As a result of trials of a large series of compounds,
RU 38086 (E)-4-oxo-4-(3,4,5-trimethoxyphenyl)-2-butenoic
acid) was selected because of its cytoprotective, antisecretory and antiulcer properties. In pylorus-ligated rats,
RU 38086 dose-dependently decreased the total
acid output, at 2.5, 5 and 10 mg/kg orally and
at 10 and 50 mg/kg intraduodenally. In the perfused rat stomach, 1.2 mg/kg
RU 38086 in situ inhibited
acid secretion stimulated by
histamine or
pentagastrin but was inactive against
carbachol. In the same test 5 mg/kg intravenously did not antagonize
pentagastrin-induced
acid secretion. In the cat Heidenhain pouch, 0.6 mg/kg
RU 38086 was also antisecretory, reducing the
acid concentration when in contact with the mucosa of the pouch. In
ulcers induced in rats by
ligature of the pylorus plus
acetylsalicylic acid,
RU 38086 at 2.5 and 5 mg/kg demonstrated much more striking activity after oral than after intraduodenal administration. It also had antiulcer activity against stress
ulcers (restraint plus cold), starting at a dose of 5 mg/kg orally.

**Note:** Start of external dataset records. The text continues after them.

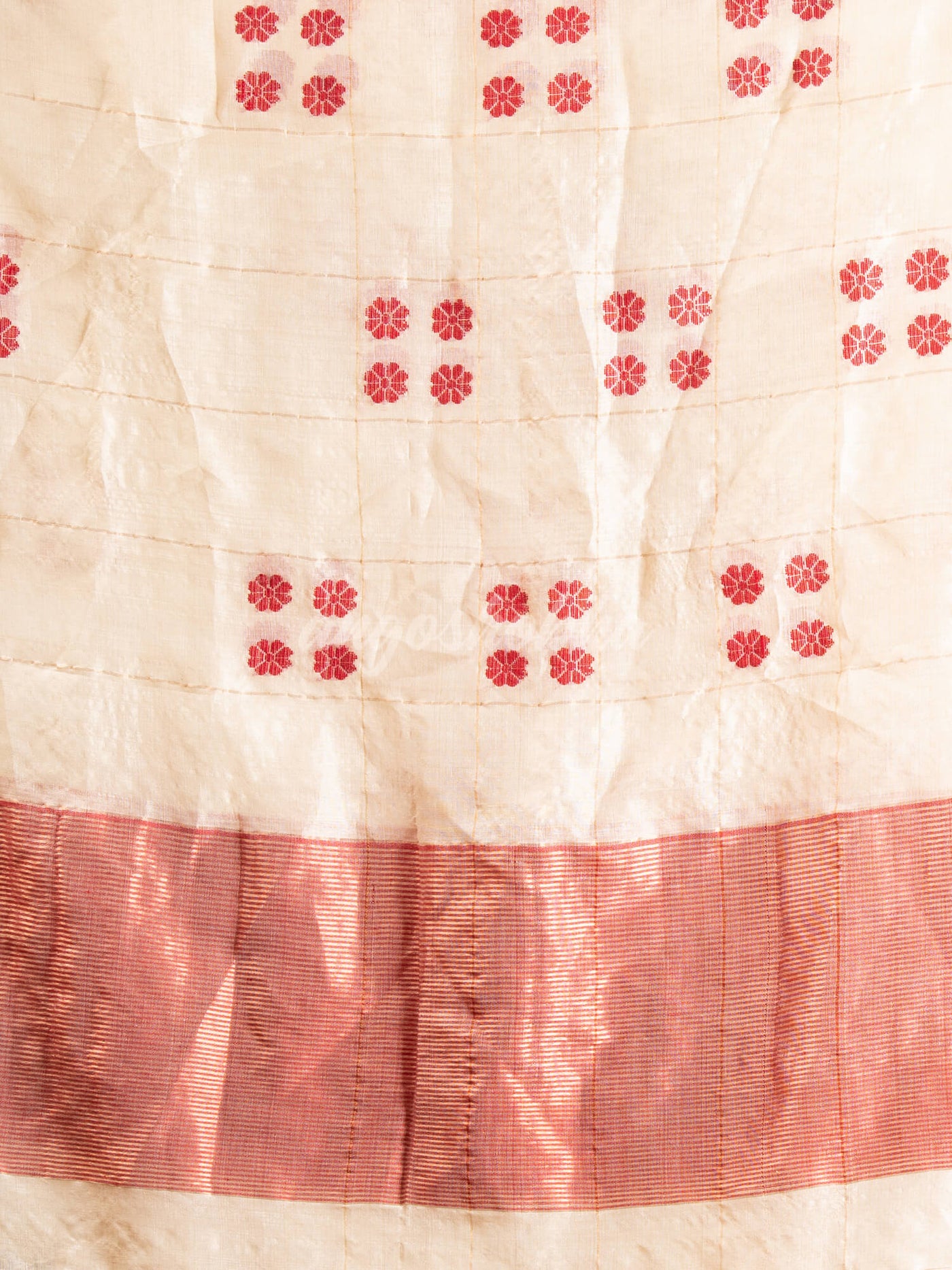 Description: Accentuate your ethnic ensemble by wearing this saree from Angoshobha. Sarees have their own grace, specially this one.This saree from Angoshobha is a beautifu white colour jacquqrd Tussar saree. The all saree kota chek and red colour jacquard flower motif. with golden zari colour chain border. and pallu strip and flower motif. The saree comes with a White colour running blouse piece. You can wear any festival moment with wonderful enjoyment. so collect this product and enjoy with werring tussar saree.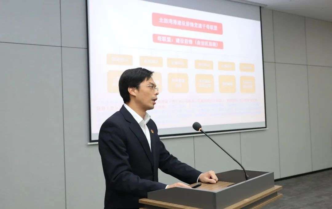 北部湾港建设前锋”党建子母联盟成员代表发言。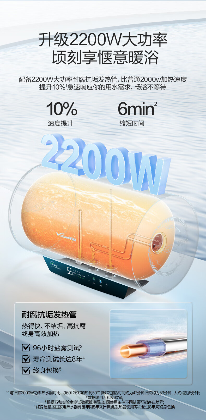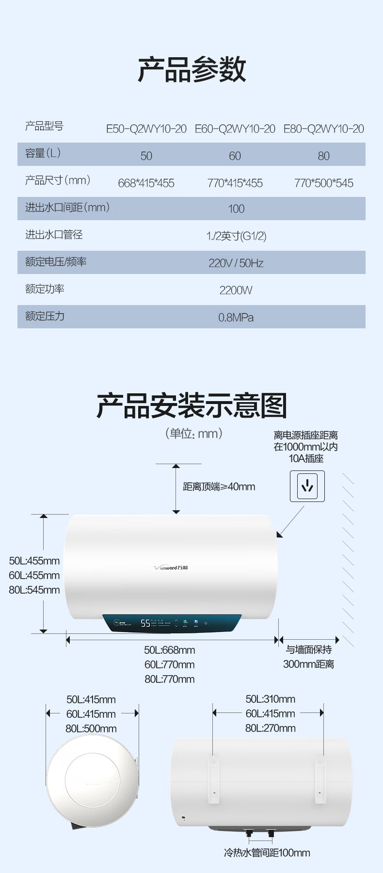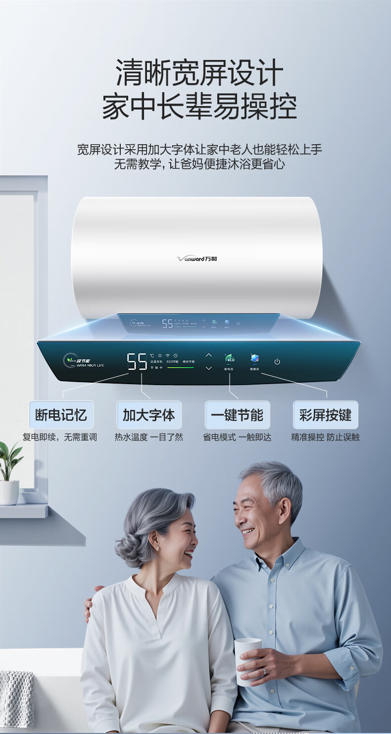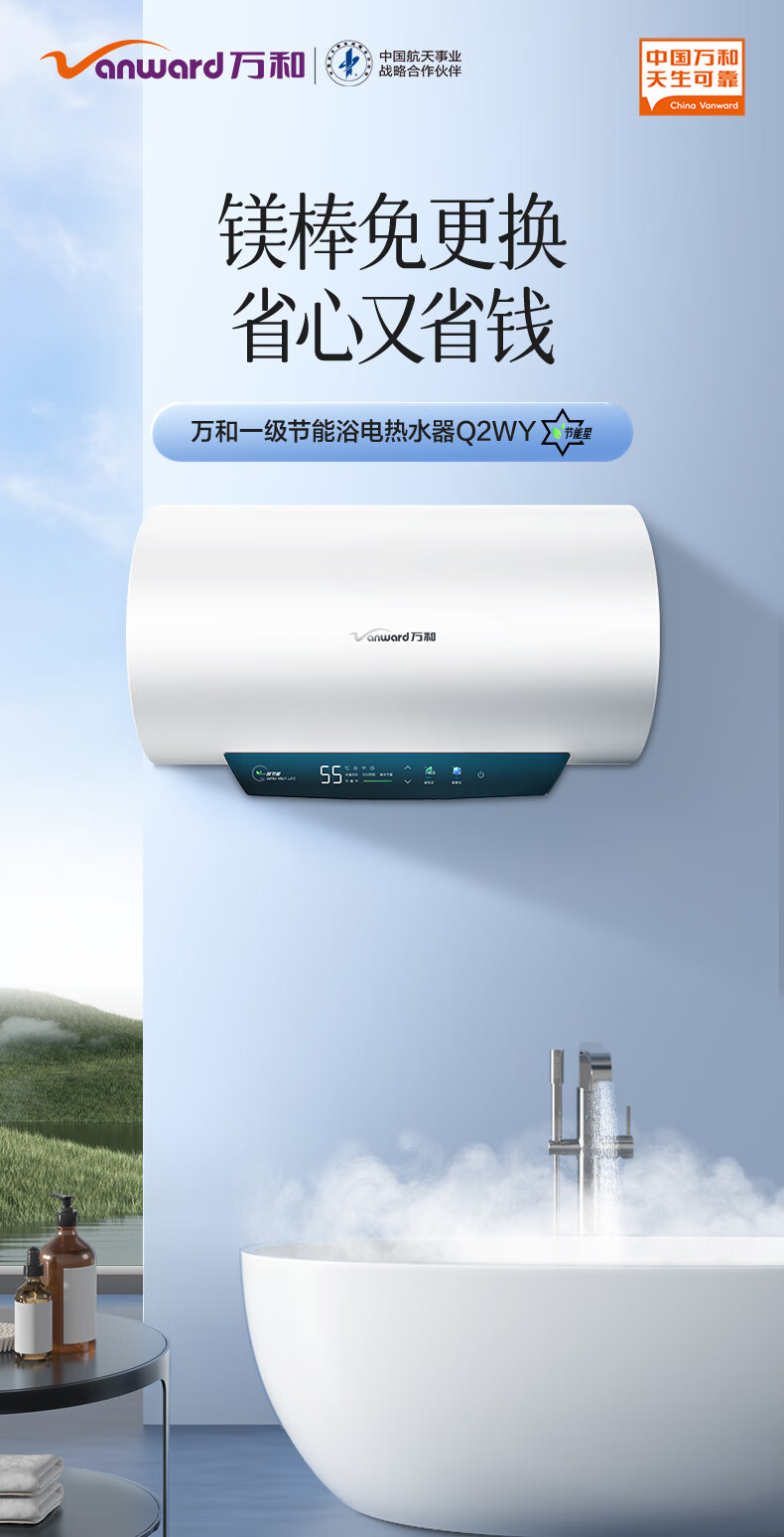 万和(Vanward)【节能星Q2】60升电热水器2200W速热免换镁棒超一级能效智感断电防护抑菌净水上门安装

RU 38086 had marked gastric cytoprotective activity in rats against the necrotizing effects of
ethanol from the low dose of 0.3 mg/kg orally. This cytoprotective activity was not significantly affected by
indomethacin pre-treatment. At 4 and 20 mg/kg orally,
RU 38086 strongly increased
prostaglandin E2 levels in gastric juice of pylorus-ligated rats and in stomach tissue of normal rats. These data indicate that
RU 38086 is an orally effective cytoprotective, antisecretory and antiulcer agent.